** WHAT IS REQUIRED **
An exact transcription of every record is needed, leaving out the pictures.

** Dataset excerpts **
::::

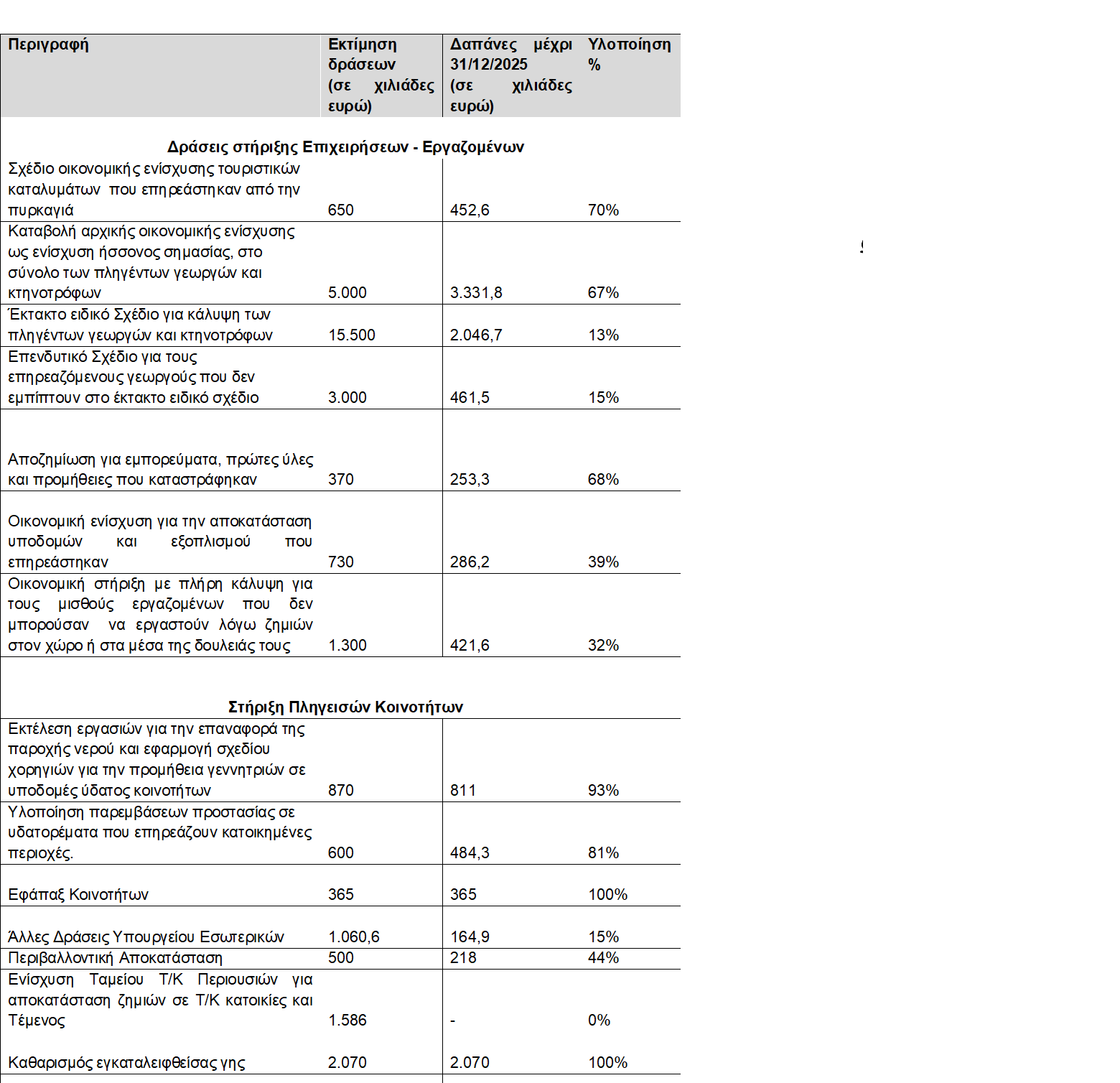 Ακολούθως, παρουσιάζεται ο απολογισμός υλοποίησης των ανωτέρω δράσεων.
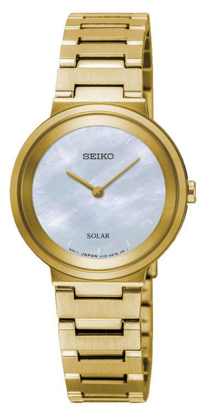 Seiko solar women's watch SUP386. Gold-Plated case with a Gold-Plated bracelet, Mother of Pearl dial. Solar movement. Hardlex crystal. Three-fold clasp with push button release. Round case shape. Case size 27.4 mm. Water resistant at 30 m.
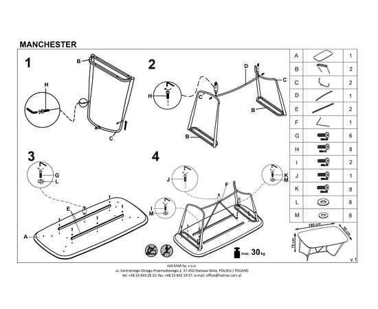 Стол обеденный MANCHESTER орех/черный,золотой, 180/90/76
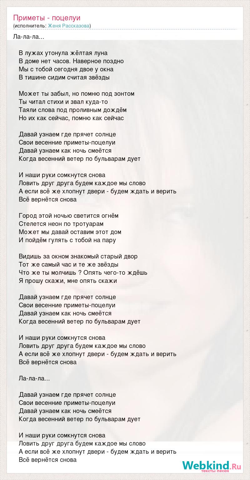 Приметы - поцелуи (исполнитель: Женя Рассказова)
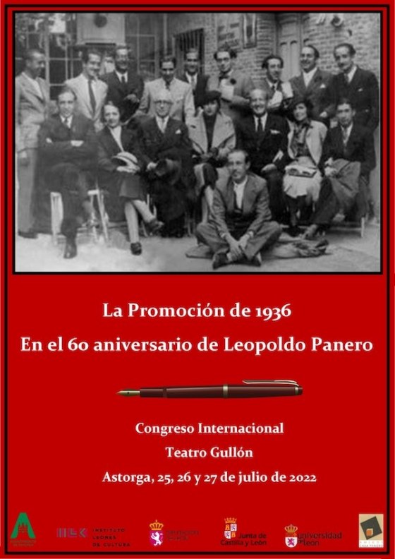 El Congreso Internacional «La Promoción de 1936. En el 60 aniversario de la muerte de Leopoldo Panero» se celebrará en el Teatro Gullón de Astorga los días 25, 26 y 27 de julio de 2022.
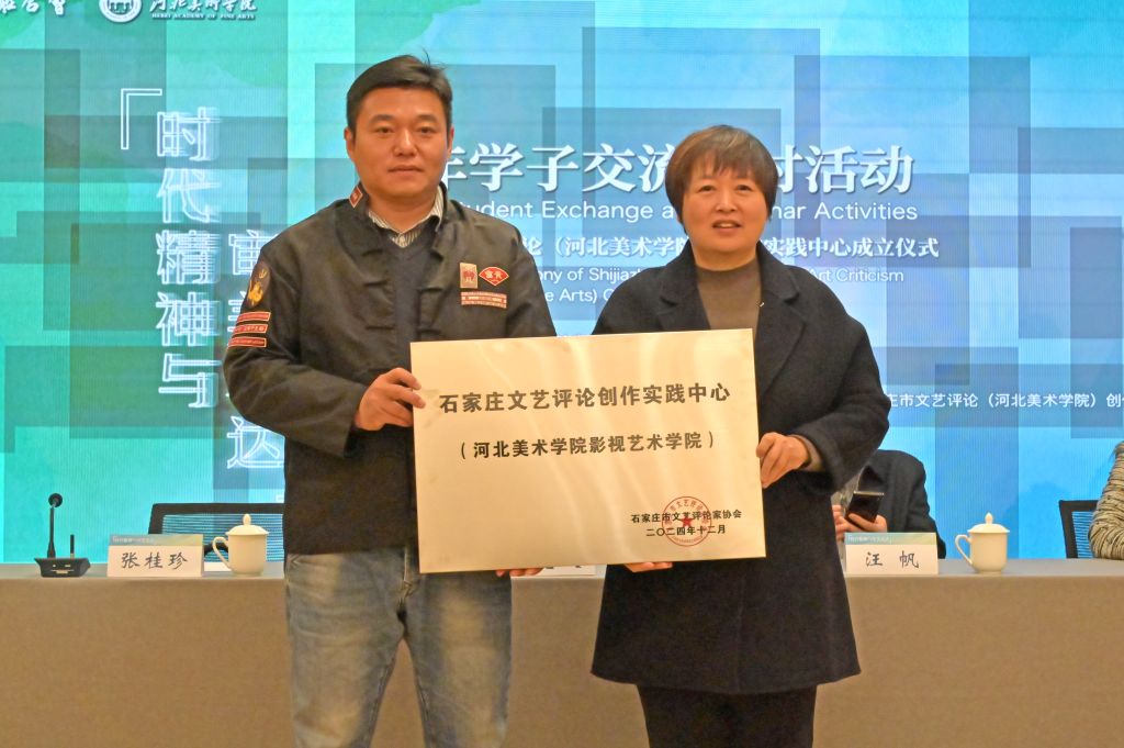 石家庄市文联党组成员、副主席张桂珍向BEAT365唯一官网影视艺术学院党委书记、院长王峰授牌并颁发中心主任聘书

::::

** THE COMPLETED TASK **
 Ακολούθως, παρουσιάζεται ο απολογισμός υλοποίησης των ανωτέρω δράσεων.
 Seiko solar women's watch SUP386. Gold-Plated case with a Gold-Plated bracelet, Mother of Pearl dial. Solar movement. Hardlex crystal. Three-fold clasp with push button release. Round case shape. Case size 27.4 mm. Water resistant at 30 m.
 Стол обеденный MANCHESTER орех/черный,золотой, 180/90/76
 Приметы - поцелуи (исполнитель: Женя Рассказова)
 El Congreso Internacional «La Promoción de 1936. En el 60 aniversario de la muerte de Leopoldo Panero» se celebrará en el Teatro Gullón de Astorga los días 25, 26 y 27 de julio de 2022.
 石家庄市文联党组成员、副主席张桂珍向BEAT365唯一官网影视艺术学院党委书记、院长王峰授牌并颁发中心主任聘书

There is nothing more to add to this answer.